Пока мама высказывала отцу все, что она о нем думает, я пулей вылетел за дверь и был таков.
Оказавшись на улице, я поначалу струхнул. Впервые я был один в большом городе. Ни тебе родительского присмотра, ни контролирующей руки, никаких ограничений и одергиваний. Подошел к перекрестку. Подождал, пока загорится зеленый. Несколько раз посмотрел по сторонам. И наконец перешел улицу. Не могу сказать, чтобы я испытал какое-то особое чувство гордости или свободы. Я лишь помнил о своем обещании вернуться через час. Поэтому уверенно шел вперед, соблюдая все меры предосторожности при переходе через дорогу. Дойдя до 23-й улицы, свернул налево. Отсюда до библиотеки было рукой подать. Детский отдел находился на первом этаже. Я прошелся вдоль рядов книжных полок, нашел два новых детектива из серии «Мальчишки Харди», отметился у библиотекарши и поспешил обратно тем же маршрутом. По дороге зашел в аптеку на 21-й улице. Взгромоздился на высокий табурету прилавка, открыл одну из книжек и заказал себе коктейль с содовой. Продавец взял мой доллар и выдал мне девяносто центов сдачи. Я взглянул на настенные часы – у меня в запасе было двадцать восемь минут. Сидел и смаковал коктейль. Читал книгу. И думал: какое счастье.
Домой я вернулся за пять минут до срока. Пока меня не было, отец все-таки сбежал на работу, а мать я застал на кухне за огромной пишущей машинкой «Ремингтон». Она курила «Салем» и стучала по клавишам. Ее глаза были красными от слез, но она казалась сосредоточенной и решительной.

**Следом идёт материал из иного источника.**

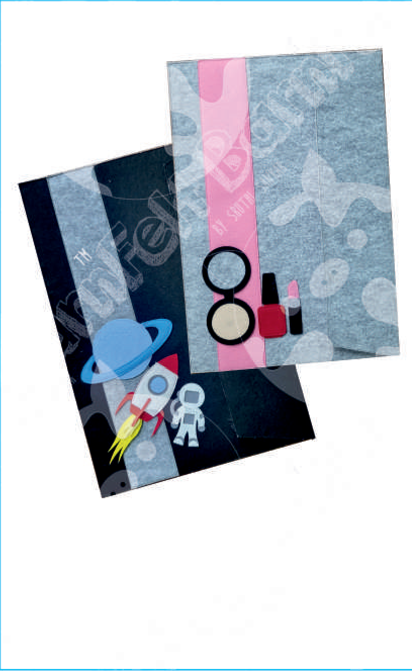 This fun stationery set features two distinct themes: one with a playful space exploration design including a rocket, astronaut, and planet, and another with a makeup theme featuring a compact, lipstick, and nail polish. Perfect for young students or creative individuals, it offers a blend of imaginative and trendy elements.

– Как в библиотеке? – спросила она.
– Все хорошо. Можно, я снова пойду в понедельник?
– Посмотрим, – сказала она.
– Что ты печатаешь? – спросил я.
– Роман.
– Ты пишешь романы, мам? – восхищенно спросил я.
– Пытаюсь, – ответила она, не отрываясь от клавиш.

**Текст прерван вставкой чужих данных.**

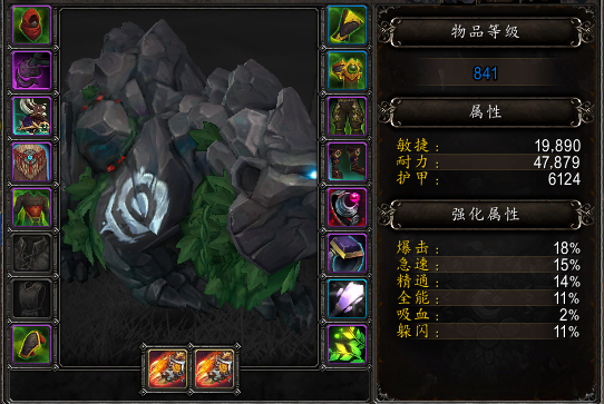 爆击:1%的爆击在统计意义上提供了1%的dps以及1%的闪躲,1%的闪躲就算他是1%的物理"免伤"吧。当然欧皇都是丝血闪躲保命,我这种非酋都是满血闪躲发呆。这个属性我个人不是很喜欢。

Я устроился на диване и продолжил читать «Мальчишек Харди». Через полчаса мама закончила печатать и сказала, что собирается принять ванну. Я слышал, как она вытащила из машинки лист бумаги. Когда она скрылась в ванной и включила воду, я подошел к обеденному столу. Две перевернутые страницы рукописи лежали рядом с пишущей машинкой. На первой странице были напечатаны лишь название книги и имя автора.
КОГДА УМИРАЕТ ЛЮБОВЬ
Роман Алисы Несбитт
Я взял следующую страницу. Прочел первое предложение:
Что муж меня больше не любит, мне стало понятно в тот день, когда наш восьмилетний сын сбежал из дому.
Меня остановил крик матери:
– Как ты смеешь!
Она бросилась ко мне, пылая от гнева. Выхватила из моих рук листки и залепила пощечину.

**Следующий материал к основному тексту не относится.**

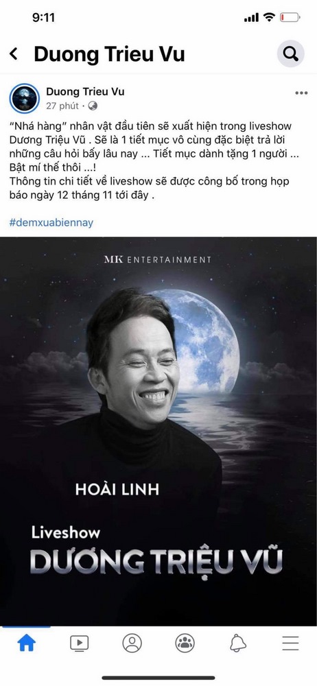 Mới đây, trên trang cá nhân của mình, Dương Triệu Vũ bất ngờ “nhá hàng” nhân vật đầu tiên xuất hiện trong liveshow sắp tới của mình chính là Danh hài Hoài Linh. Anh nói thêm, đây sẽ là một tiết mục vô cùng đặc biệt trả lời những câu hỏi bấy lâu nay và dành tặng cho một người đặc biệt.

– Ты не должен никогда, никогда читать мою работу!
Я расплакался и побежал в свою комнату. Схватил с кровати подушку и сделал то, что обычно делал, когда в доме начинались скандалы: спрятался в шкафу. Рыдая в подушку, я с горечью думал о том, как одинок в этом очень сложном мире. Прошло десять, а то и пятнадцать минут. В дверь шкафа постучали.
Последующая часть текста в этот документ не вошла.